スウェーデン代表がチュニジア代表を5-1で破った一戦で、ボール内蔵マイクロチップを活用してゴールが認められるシーンがあった。

 この試合の後半39分、スウェーデンが右サイドからのFKを獲得した。するとペナルティエリア内に送られたボールを、交代でピッチに入ってわずか18秒のMFマティアス・スバンベリが合わせて得点。ただ副審はオフサイドと判定し、リプレイを見てもFKが蹴られた瞬間のスバンベリは明らかなオフサイドポジションだった。

 ところがVARが介入した結果、スバンベリの手前でFWアレクサンデル・イサクが右足でボールに触れていたことが判明した。FKが蹴られたタイミングでイサクはオフサイドポジションではなく、イサクが触れた瞬間ではスバンベリもオンサイドの立ち位置。そのためオフサイド判定が修正され、ゴールが認められた。

 イサクがボールに触れていたかはリプレイ映像を見ても判別が困難というシーン。だが、今大会は前回大会に続いてボールにマイクロチップを内蔵した「コネクテッド・ボール・テクノロジー」が採用されており、これを用いてイサクがボールに触れていたことが明らかになった。

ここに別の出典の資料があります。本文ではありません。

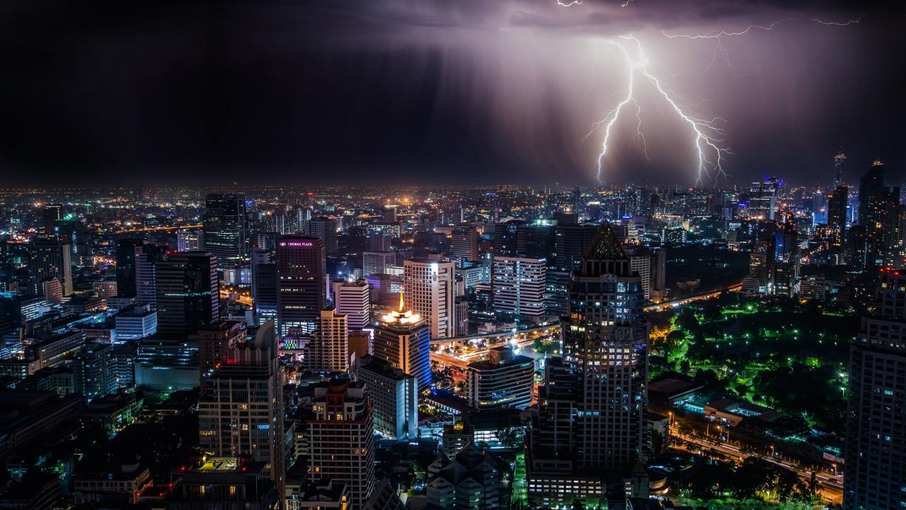 Wallpaper Lightning in the stormy sky over the night metropolis

 コネクテッド・ボール・テクノロジーは、主にオフサイドラインを引くための正確な瞬間を判断するために使用されるもの。選手がボールに触れるとVARルームで確認できる波形が動く仕組みになっていて、ボールに触れた正確なタイミングを把握することができる。また、ボールに触れていない際は波形が横一線になっていることから、選手がボールに触れていたかどうかについても判別することが可能。1秒間に500回のデータを取得する最新技術が、人の目では白黒付けづらいようなシーンの判定をサポートした。

 なお、イサクがボールに触れたことを示す波形は中継でも表示されたため、ファンに対する納得感も生まれていた。